2009, un anno in Politica Live – Sesto tempo

di Angela Gennaro Commenta

Giugno 2009 è il mese in cui il mondo si ferma, bloccato e sospeso per la morte del re del pop, Michael Jackson. Tanti già lo amavano, tanti hanno cominciato ad amarlo solo dopo la sua morte. Il decesso ha fatto improvvisamente (come sempre accade), a torto o a ragione, dimenticare il controverso passato del cantante, tacciato di pedofilia e certo dalle vicende non sempre nitide.

Passato ma anche presente. Jackson non ha smesso di far palare di sè, ma ha portato con sè, nella sua bara d’oro, polemiche sull‘eredità, sulla custodia dei figli, major alla riscossa sui diritti, debiti. Qui si tirano le somme della sua vita e, soprattutto, della sua morte.

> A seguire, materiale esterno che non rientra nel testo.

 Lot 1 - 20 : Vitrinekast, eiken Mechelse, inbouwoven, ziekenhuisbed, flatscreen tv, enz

Il giugno 2009 è denso di avvenimenti, a prescindere da Jacko e dintorni. Il primo del mese, un Airbus dell’Air France, partito da Rio de Janeiro e con destinazione Parigi, scompare nell’Atlantico con 228 passeggeri a bordo, tra cui alcuni italiani. Il giorno dopo Kakà passa dal Milan al Real Madrid, con buona pace dei tifosi rossoneri. Il 7 giugno i risultati delle elezioni europee. Vince il Pdl, portando a casa il 31%, seguito dal Partito democratico, con il 29, poi Lega Nord con l’11, e l’Italia dei Valori con 7.7%. Elezioni che hanno registrato il più basso tasso di affluenza di votanti. Lo scollamento dalla politica sembra schiacciare anche a livello comunitario.

A metà mese, il 13, Ahmadinejad vince le elezioni presidenziali in Iran al primo turno, ottenendo più del 60% dei voti. Verrà accusato di brogli. Cominciano a Teheran le sommosse e la guerriglia dell’onda verde.

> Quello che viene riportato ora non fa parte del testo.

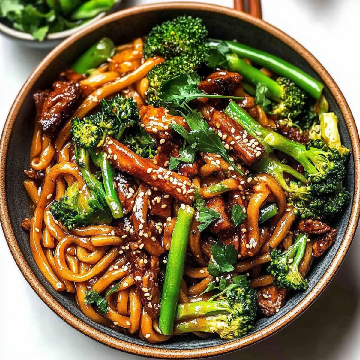 As I whisked together soy sauce and a hint of sesame oil one evening, the aroma enveloped my kitchen, transporting me to a cozy Asian restaurant where the flavors dance on your palate. That’s how I fell in love with these Vegan Sesame Yaki Udon Noodles—a dish that turned a simple weeknight meal into something special. Loaded with thick, chewy udon noodles and your choice of protein, either homemade seitan beef strips or crispy baked tofu, this recipe not only satisfies those late-night cravings but also offers a delightful balance of texture and flavor. The beauty of this dish lies in its quick prep time, making it the perfect solution for busy evenings when you want homemade goodness without the fuss. Ready to elevate your dinner game? Let’s dive into this flavorful adventure together!

E’ il 17 giugno il giorno in cui la escort Patrizia D’Addario fa scoppiare la sua “bomba”: spiega, nell’ambito di un’inchiesta nel barese, di aver passato una notte con Silvio Berlusconi. In quello che verrà poi conosciuto come il famoso “letto di Putin”. La D’Addario ha anche alcune presunte registrazioni vocali di quegli incontri.

Il 28 giugno 2009 è la tragedia, l’ennesima assurda tragedia italiana: un treno carico di Gpl esplode mentre transita in stazione a Viareggio: 31 morti e 15 feriti, oltre a mille sfollati.